WHO: 850,690 Nigerians at risk of mercury poisoning
  • Niger, Osun, Zamfara, Kaduna, Katsina, 7 other states affected


The World Health Organisation (WHO) has raised the alarm that 850,690 persons in 12 states in Nigeria have been exposed to mercury poisoning, as a result of Artisanal and Small-Scale Gold Mining (ASGM) activities. The National Consultant, Public Health and Environment of WHO, Dr. Edwin Edeh, who made this known at a one-day health sensitization programme to flag-off field assessments of ASGM activities in the country, noted that ASGM was the main source of the largest release of mercury emissions around the world, and a key source of income generation. The assessment would be used by the country to develop a National Action Plan (NAP), which clearly identifies public health implications of the mining activities in gold mining communities and the country at large, as well as develop strategies for actions needed to reduce the public health impact. According to Edeh, the affected states are: Niger, Osun, Zamfara, Kebbi, Katsina, Kaduna, Kwara, Borno, Jigawa, Yobe and the Federal Capital Territory.

“In Nigeria, not less than 850,690 people are at risk of mercury poisoning. Mercury, which is widely used to extract gold in ASGM, is a lethal chemical,” he said. Mr.
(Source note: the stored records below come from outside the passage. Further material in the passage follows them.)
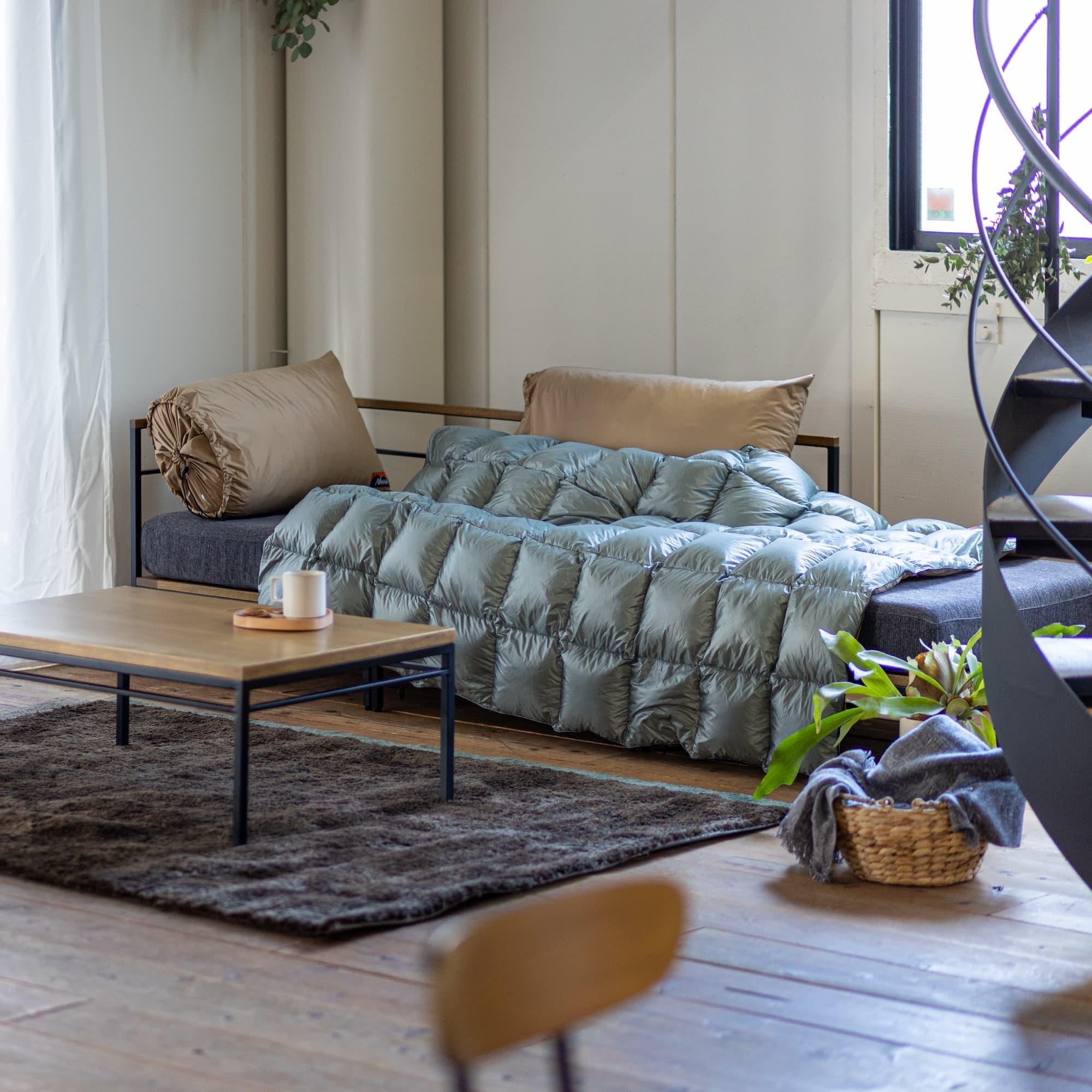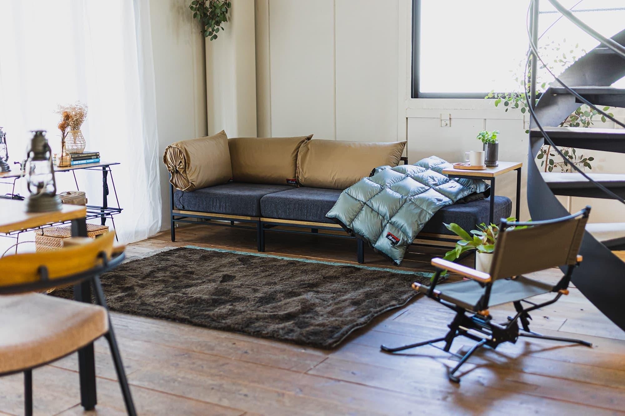 背もたれのクッションカバーをシェラフをイメージしたNANGA製のスタックサック型にし、家の中にもアウトドアのテイストを取り入れ、生活がより楽しく感じるアイテムをという思いで企画しています。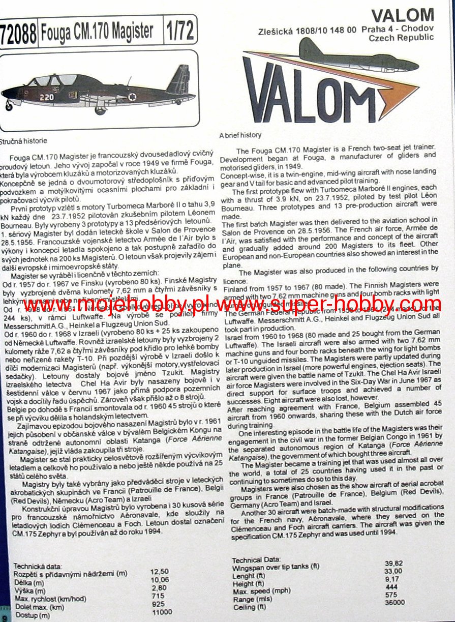 Fouga CM.170 Magister is a French, twin-engine, training plane designed by the Fouga et Cie. It was the first French jet plane. The flight of the prototype took place on July 23, 1952, and they were delivered to the linear units in 1954. The machine was distinguished by an unusual butterfly tail, but also great flight parameters and high overall quality of the structure. It was powered by two Turboméc Marboré IIA engines. There was also a special version for the French Navy (CM.175 Zephyr), which was flown in 1959. The aircraft was built under license in Germany, Finland and Israel. In the last of these countries, they were armed with small arms, bombs and unguided air-to-ground missiles, making the CM.170 light attack aircraft. Such redesigned participants of in the Six-Day War in 1967. Due to its very good properties, the plane served in the French army until the 1980s. Technical data: Maximum speed: 715 km / h, speed of climb: 17 m / s, maximum ceiling 11,000 m, maximum range: 925 km, armament: fixed - 2 machine guns, caliber 7.5 mm, suspended - up to 140 kg of bombs or missiles.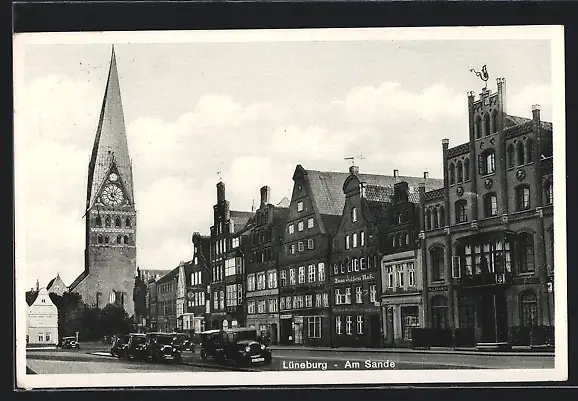AK Lüneburg, Am Sande, Strassenpartie mit Kirche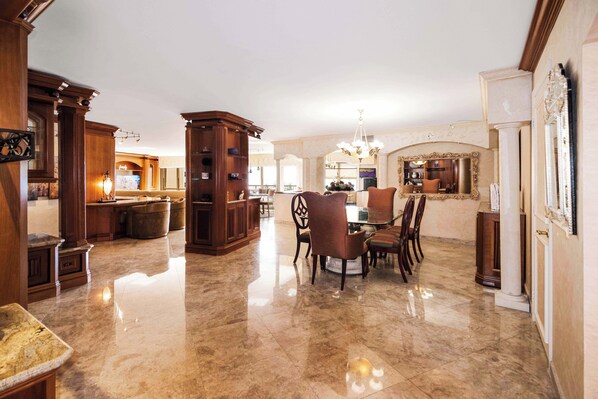 When you step inside, you're greeted with miles of ocean views within a luxurious world of refined comfort. The large open floor plan is adorned with travertine flooring, setting a tone of understated elegance. Offered fully furnished, this opportunity promises an effortless transition to coastal living. Extensive custom woodwork and built-ins throughout the condo highlight the unparalleled craftsmanship that defines every inch of the space. The formal dining room, together with a large second dining area with built-in bench seating and a spacious open kitchen, offers the perfect backdrop for entertaining guests, or for a more intimate dining experience, enjoy your meals from the smaller adjacent dining area with breathtaking views of the Atlantic Ocean, then retire to the balcony to take in the cool ocean breezes, spectacular sunrises, and mesmerizing moonlit ocean.
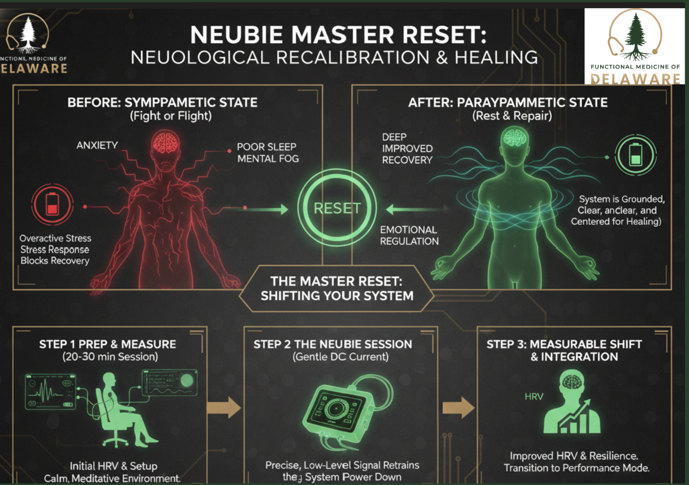 Rebalance your nervous system. Shift from stress to calm β in just one session. If you feel wired, exhausted, anxious, foggy, or stuck in constant βgo mode,β your nervous system may be stuck in fight-or-flight. The Master Reset is a gentle, science-backed neurological reset designed to help your body power down, recover, and restore balance.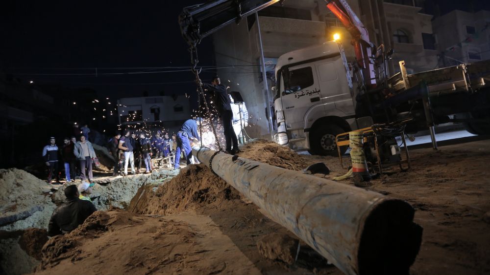 وبين أن طواقم بلدية غزة سارعت إلى المكان واستدعت الآليات الثقيلة من جرافات وجيترات ومضخات متنقلة وآليات مختلفة، وتم استبدال الخط القديم من نوع (UPVC) بآخر حديد بقطر 12 إنش، وتركيب الوصلات اللازمة عليه".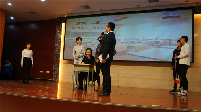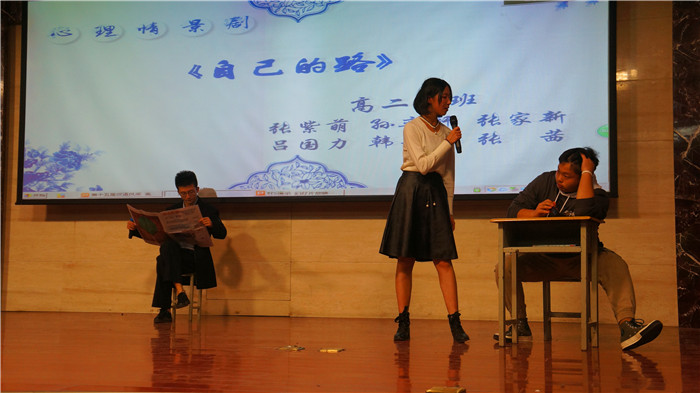 2018年11月28日、29日下午,借助第十五屆“漢語(yǔ)風(fēng)采大賽”平臺(tái),高2020屆原創(chuàng)校園心理情景劇展演活動(dòng)在綜合樓五層報(bào)告廳舉行。本次活動(dòng)面向高二年級(jí)全體師生,主題是“‘心’系成長(zhǎng) ‘劇’焦心理”。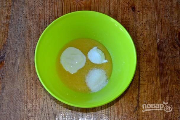 Яйцо соедините с сахаром и взбейте до однородности венчиком или вилкой.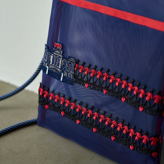 ユニオンジャックが掲げられたバッキンガム宮殿と英国の象徴 近衛兵をレースで表現したサコッシュ。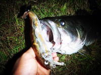 マグナムバドで菱藻の際を鳴らしていると激しく出ました。最近の琵琶湖はブルーギルも相当減っているので 餌を食えていないようなガリガリの個体が目立ちます。 |

Fatai Olarenwaju from the Federal Ministry of Health (FMOH) explained that one important component of the NAP would be to empower local communities for action.
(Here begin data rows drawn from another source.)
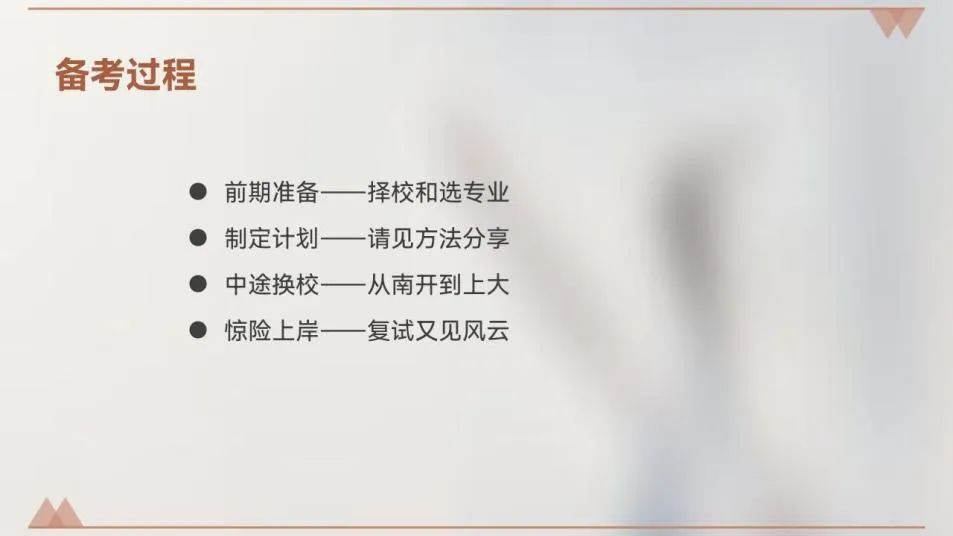 首先,成功考取河南大学学科教学(英语)专业的张兰天同学讲述了自己选专业和择校的经历,并强调了效率、心态、选择的重要性。其次,调剂至上海电力大学的于梦同学则介绍了翻译硕士不同考试科目的学习方法,尤其分享了调剂的流程及经验。而后,从退伍军人蜕变至优秀大学生,并最终跨考至上海大学图书情报专业的任永前同学讲述了自己一波三折但锲而不舍的奋斗经历,并将个人备考秘籍倾囊相送,供同学们借鉴学习。紧接着,考取东北财经大学国际商务专业的吴沛泽同学分享了跨专业考研经验,详细分析了国际商务专业的未来就业方向。最后,成功申请西交利物浦大学国际化教育专业的赵梓妤同学为同学们提供了考研的另外一个途径——中外合作院校硕士项目,并就西交利物浦大学的基本概况、申请条件、以及毕业生流向等关键信息进行了介绍与讲解。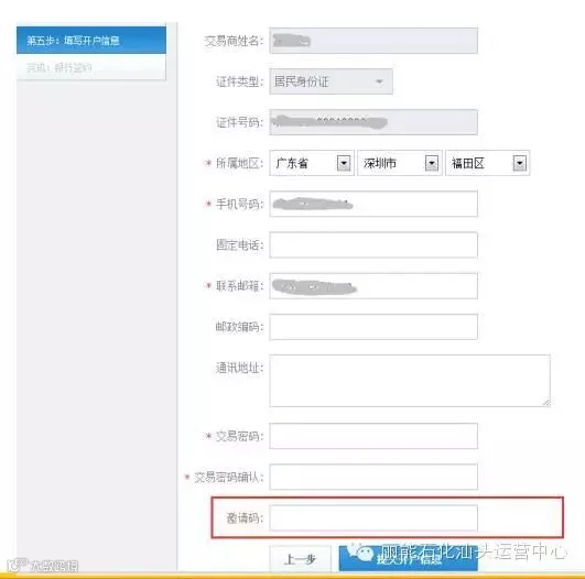 当您网上开户时,请注意在第五步:填写客户信息 中的“邀请码”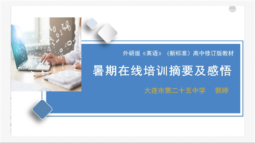 此外,大連市第二十五中學(xué)的郭婷老師做了《暑期在線培訓(xùn)摘要與感悟》的講座,她對(duì)今年暑期外研社組織的兩天12小時(shí)的培訓(xùn)內(nèi)容刪繁就簡(jiǎn),綱舉目張地進(jìn)行了提煉、分析和解讀,使得老師們對(duì)整個(gè)暑期培訓(xùn)的內(nèi)容有了更全面和更深入的理解。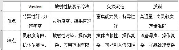 除質譜外還有一些其他的方法可以檢測蛋白質的翻譯后修飾,如Western Blot、放射性核素示蹤法、免疫沉淀(IP)等,下表展示了各類實驗方法檢測蛋白質翻譯后修飾的優缺點。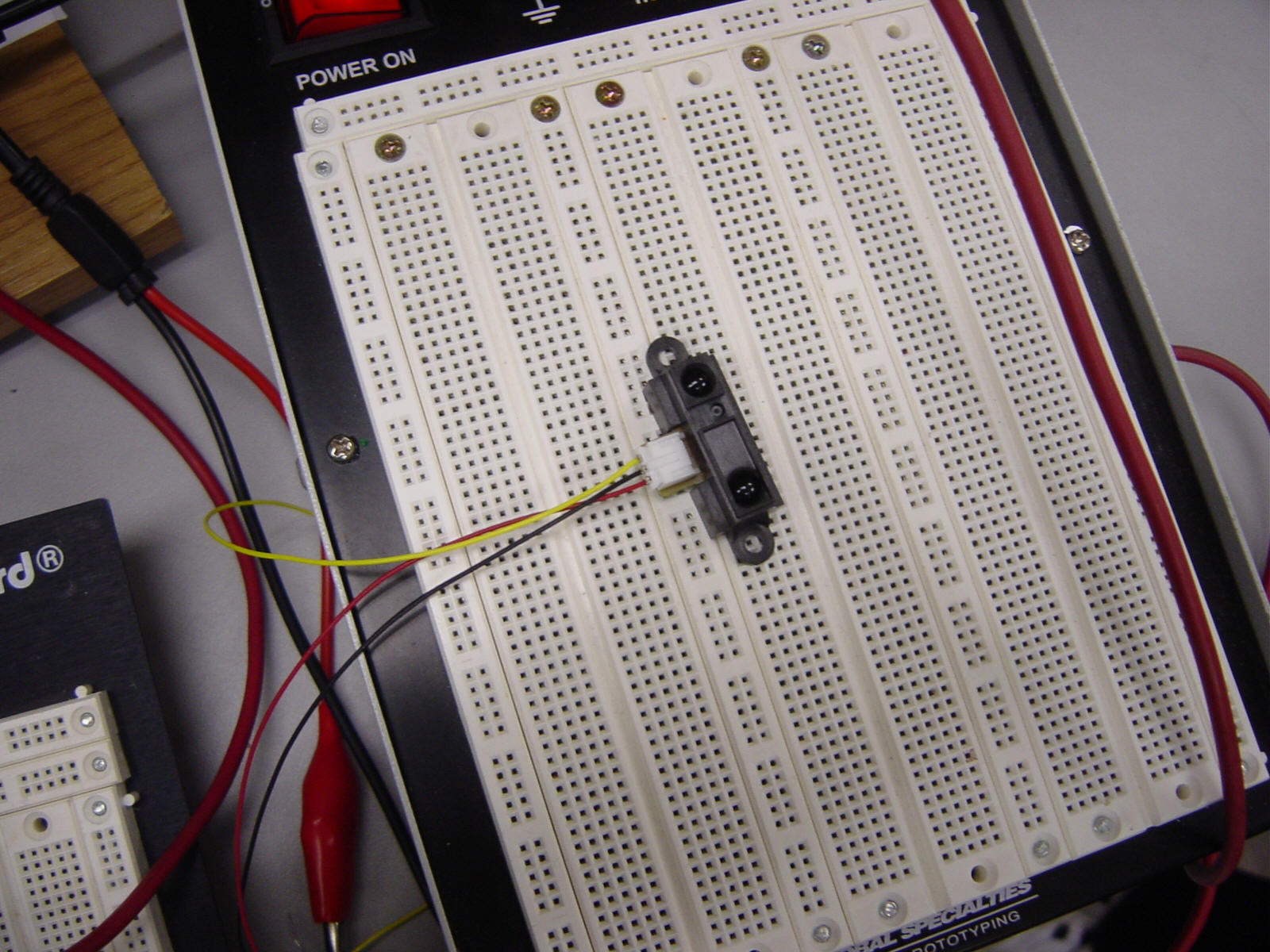The infrared distance sensor (Figure 6) is connected to the analog input 0 of the FPGA board. It is supplied with a 5V voltage and grounded with the ground on the FPGA board.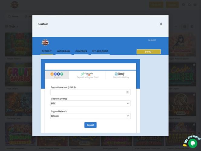 Dream Royale 的注册分为三个步骤,过程简单快捷,之后玩家可以访问用户友好的玩家仪表板以及诱人的服务和功能,包括欢迎赌场奖金、通过电子邮件和在线聊天提供的专业客户支持服务、忠诚度奖励和其他好处。

“There is a need to sensitize mining communities in order to increase their awareness and enable them to take local action on minimizing the effects of mercury on human health,” he said. WHO Officer in Charge (OiC), Dr. Clement Peter, disclosed that in addition to the assessment in two states, the organisation was supporting the FMOH to build capacities of health workers on management of mercury poisoning and on environmental health activities that need to be periodically carried out to monitor and reduce health risks of ASGM. “WHO will continue in its role to provide technical guidance to Nigeria on safe management of chemicals of public health importance and strengthening the capacity of FMOH in the implementation of the provisions of Minimata Conventions on Mercury,” Peter said. Khadija Balama, one of the women in Niger State, complained that the water in the community was contaminated with strange substances. “We’ve noticed the water has some strange particles and we have reported to the authorities.
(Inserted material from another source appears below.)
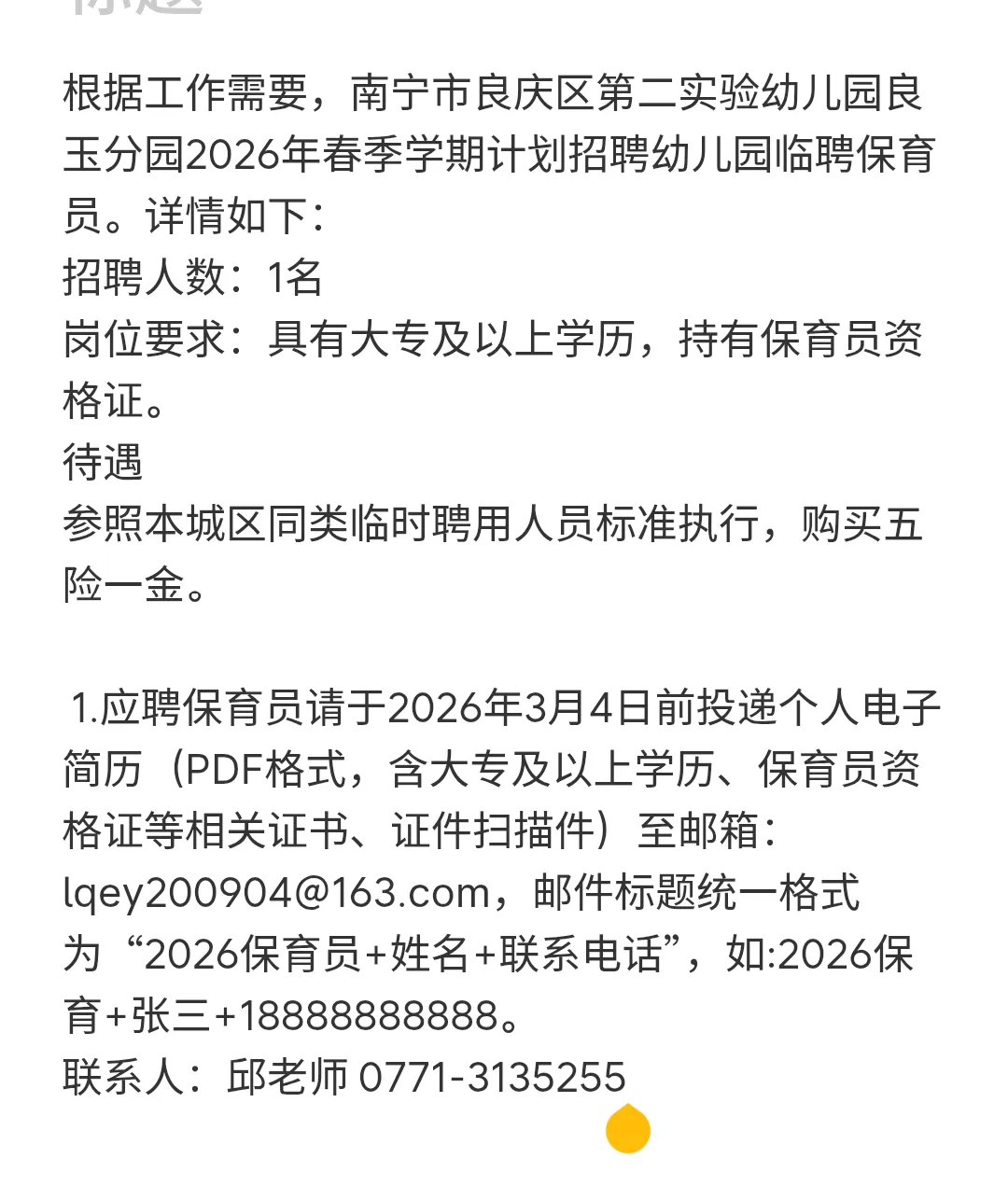 南宁教师招聘 | 南宁市良庆区第二实验幼儿园良玉分园招聘

“The taste of our water has drastically changed, the colour seems darker and the texture is thicker than usual. We are scared that this water can cause diseases and affect our livestock if care is not taken,” she said. The WHO experts explained that the particles described by the women to be in the water were residues of mercury, popularly used in mining activities in Shiroro Local Government Area – a very popular ASGM town in Niger State. According to them, exposure to mercury poses great danger to human health, including toxic effects on the nervous, digestive and immune systems, including sensitive organs such as the lungs, kidneys, skin and eyes and may pose serious health threats to unborn babies and children under the age of five.